**DATA EXTRACT**
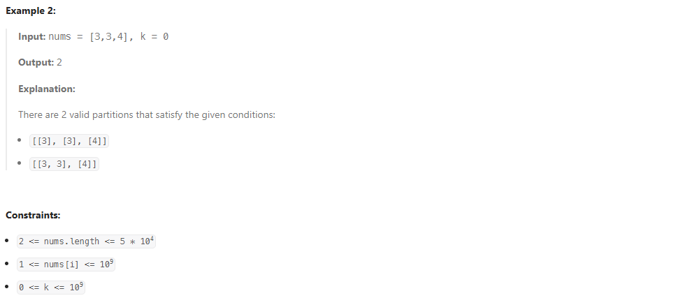 def countPartitions(self, nums: List[int], k: int) -> int:
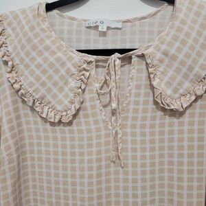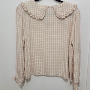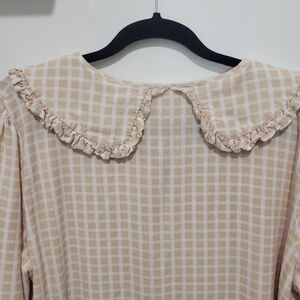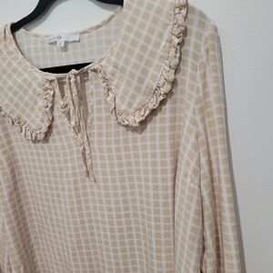 CLEO WOMEN PETER PAN COLLAR GINGHAM PULLOVER LONG SLEEVE BLOUSE
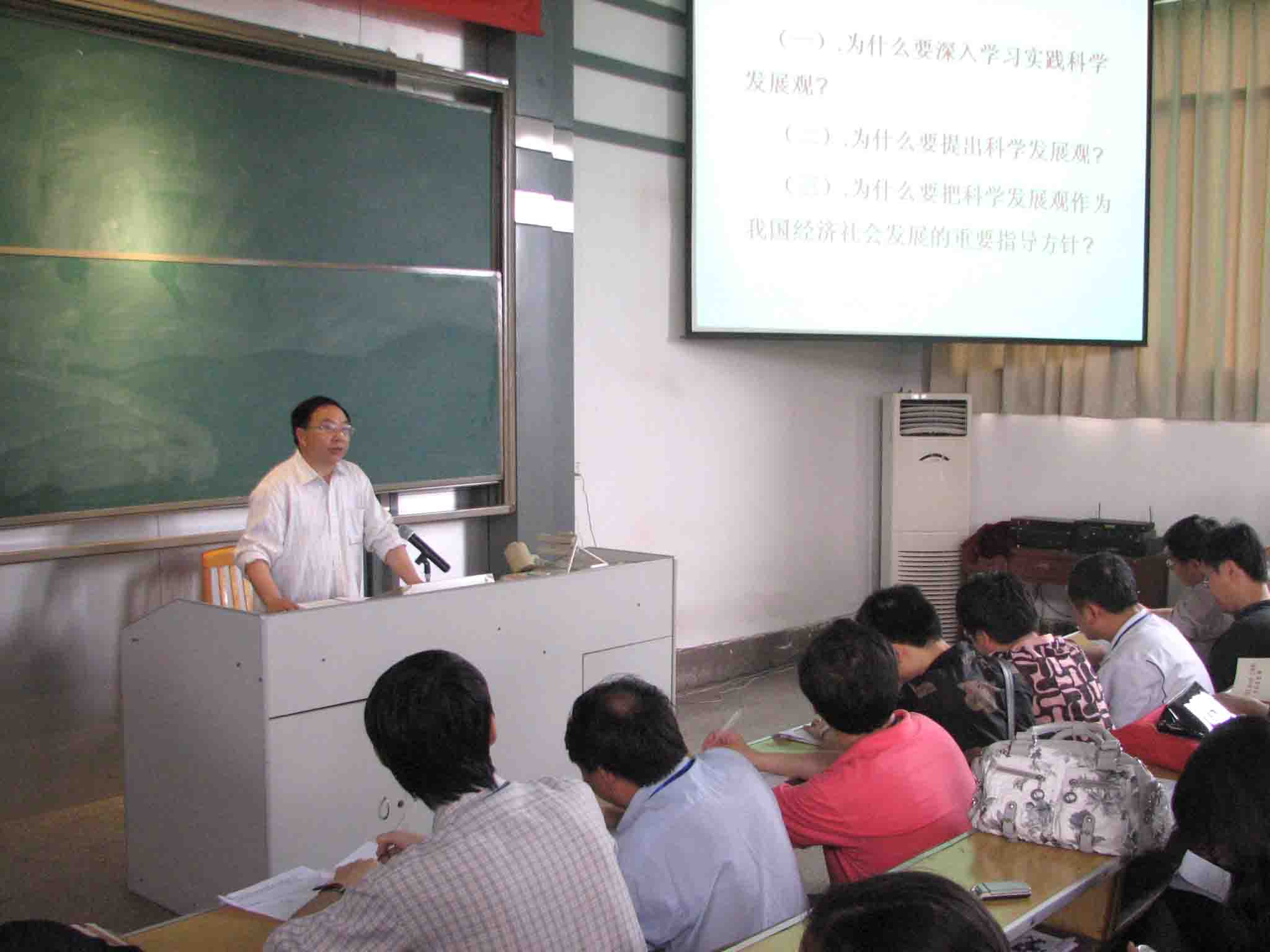 楊亞光向參會(huì)人員激情充沛地宣講了“為什么要學(xué)習(xí)科學(xué)發(fā)展觀”,“全面把握科學(xué)發(fā)展觀的內(nèi)涵和精神實(shí)質(zhì)”,“通過學(xué)習(xí)實(shí)踐活動(dòng)把科學(xué)發(fā)展觀理論提高到新水平”等三個(gè)問題。報(bào)告為參會(huì)人員指出了教育發(fā)展中存在的教育結(jié)構(gòu)、教育功能、教育理念等方面的弊端,強(qiáng)調(diào)科學(xué)發(fā)展觀是解決問題、克服弊端的指導(dǎo)思想和有力武器,教育工作者應(yīng)當(dāng)正確把握科學(xué)發(fā)展觀“第一要義是發(fā)展”、“核心是以人為本”的問題,通過找結(jié)合點(diǎn)和抓關(guān)鍵,確??茖W(xué)發(fā)展觀學(xué)習(xí)實(shí)踐活動(dòng)見實(shí)效,促進(jìn)教育事業(yè)科學(xué)發(fā)展,和諧發(fā)展,又好又快發(fā)展。
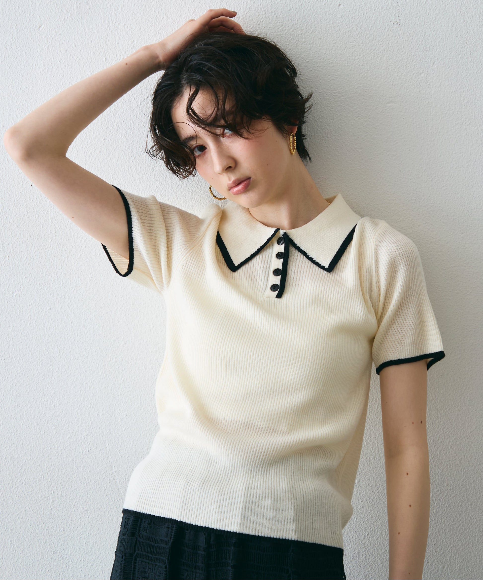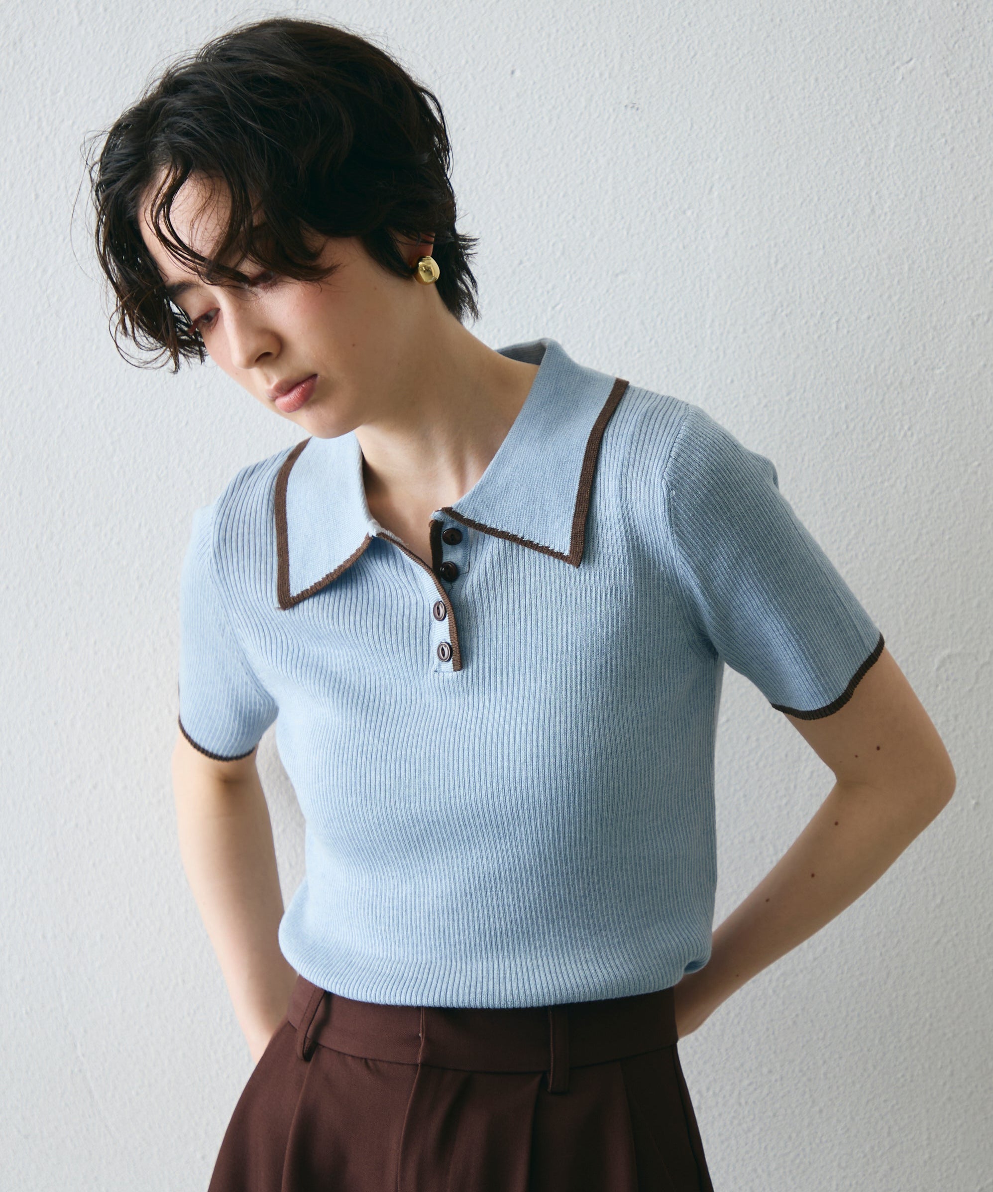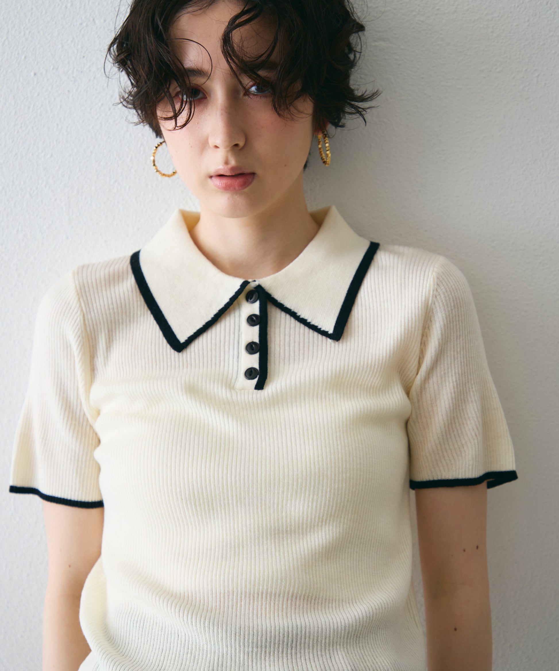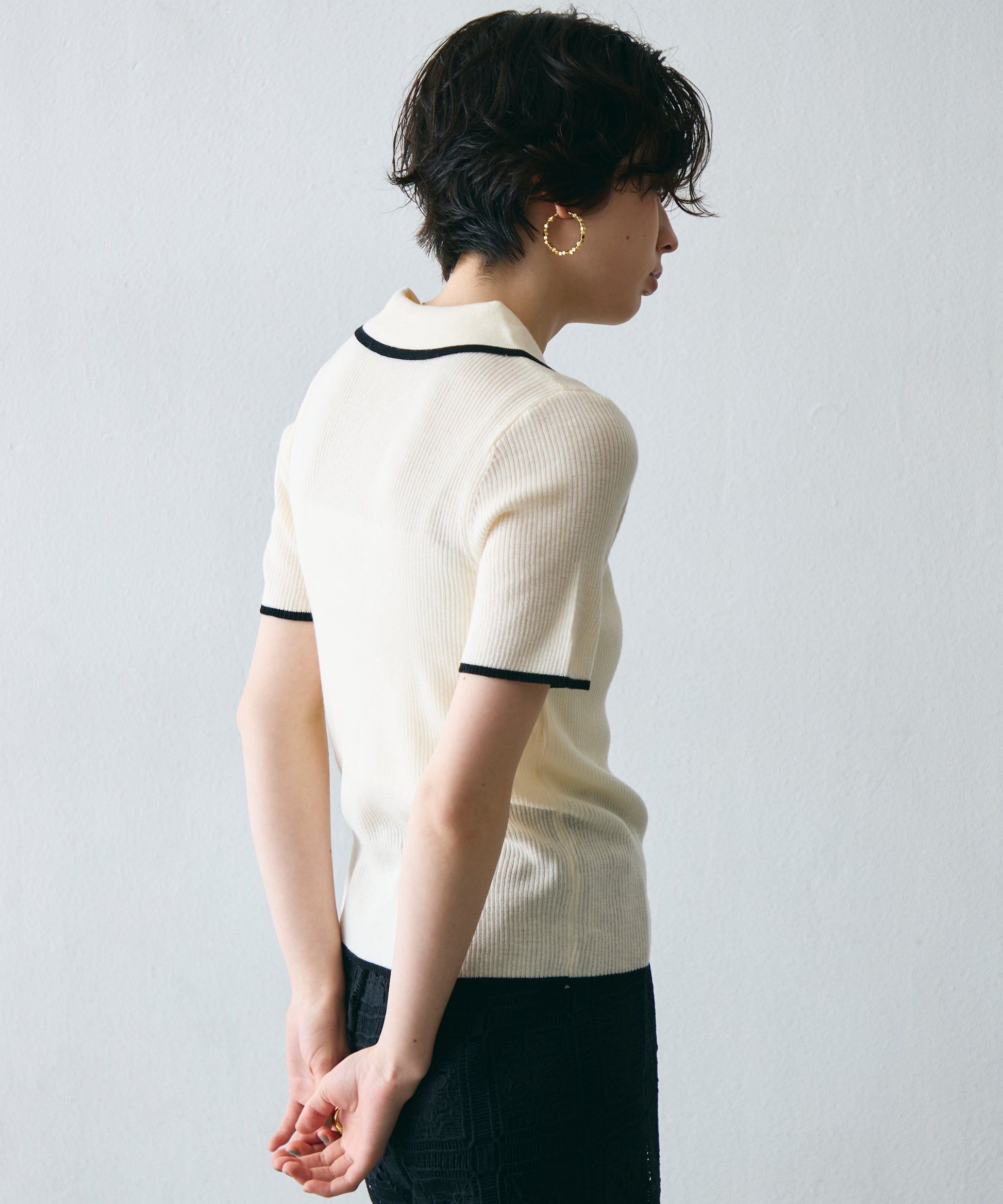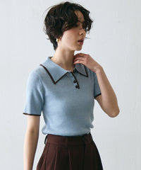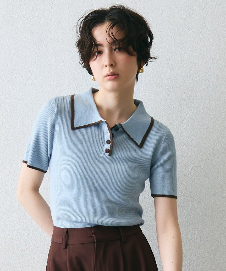 配色トリミングがアクセントになった、上品なポロ衿半袖ニット。

**REQUIREMENT**
Word for word, restate the lines from the first line of the material through the line containing "CLEO WOMEN PETER", with the pictures left out.

**REPLY TO THE TASK**
 def countPartitions(self, nums: List[int], k: int) -> int:
 CLEO WOMEN PETER PAN COLLAR GINGHAM PULLOVER LONG SLEEVE BLOUSE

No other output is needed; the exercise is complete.